***** Source information
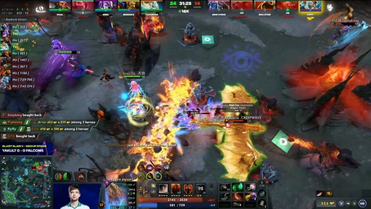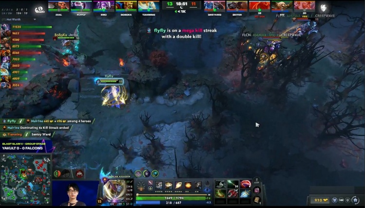 [18分钟]Falcons入侵人不齐,emo紫猫将Crit宙斯下坡后拉回来输出开团,flyfly圣堂输出打满,打宙斯弹了skiter熊战士的盾,Marlrine龙骑士则撤退时候被留,圣堂双杀,个人经济领跑。
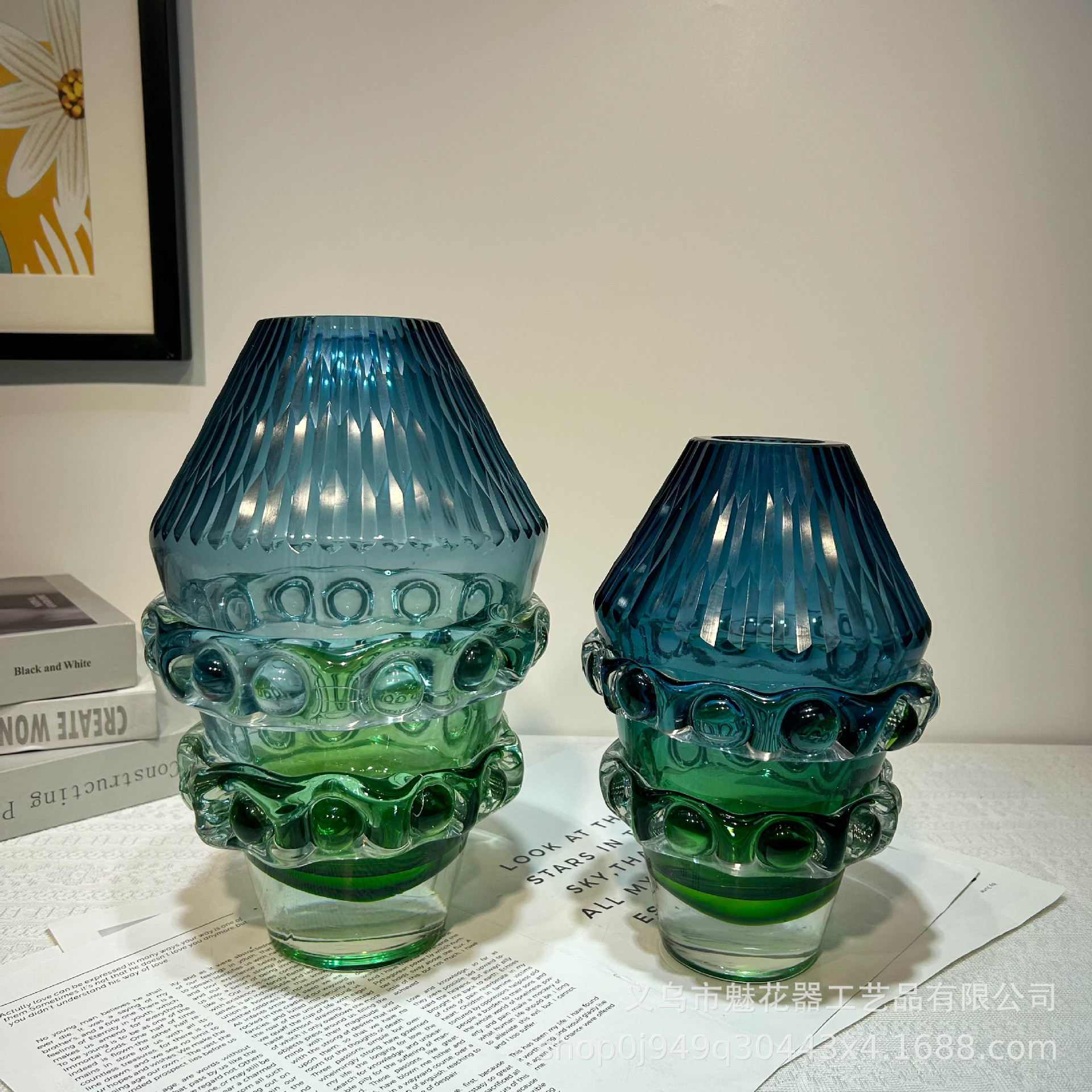现代创意柱子琉璃花瓶家居餐桌酒柜轻奢摆件样板间高级装饰插花器
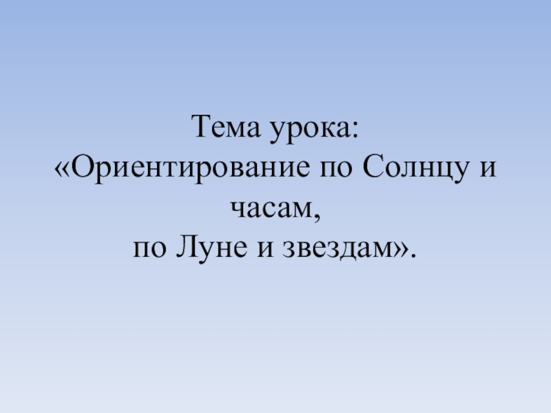 Слайд 1Тема урока: «Ориентирование по Солнцу и часам, по Луне и звездам».
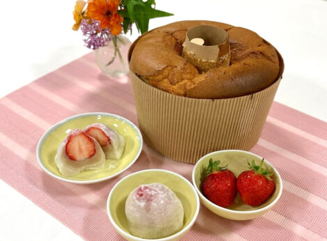 内容 ①5/19 県内産米粉のバニラシフォンケーキ、いちご大福
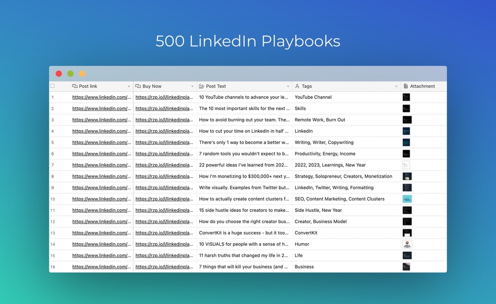 You will get the link & password on your email for accessing the airtable repository (both grid and gallery view). One can easily download & post the playbooks. If the user wish to give credits to the creator - we have mapped each post to the creator's LinkedIn profile.
**********
**Assignment**
Take the line containing "现代创意柱子琉璃花瓶家居餐桌酒柜轻奢摆件样板间高级装饰插花器" as the first and the last line of the records as the end. Print every line in that span exactly, leaving out pictures.

**Answer below**
现代创意柱子琉璃花瓶家居餐桌酒柜轻奢摆件样板间高级装饰插花器
 Слайд 1Тема урока: «Ориентирование по Солнцу и часам, по Луне и звездам».
 内容 ①5/19 県内産米粉のバニラシフォンケーキ、いちご大福
 You will get the link & password on your email for accessing the airtable repository (both grid and gallery view). One can easily download & post the playbooks. If the user wish to give credits to the creator - we have mapped each post to the creator's LinkedIn profile.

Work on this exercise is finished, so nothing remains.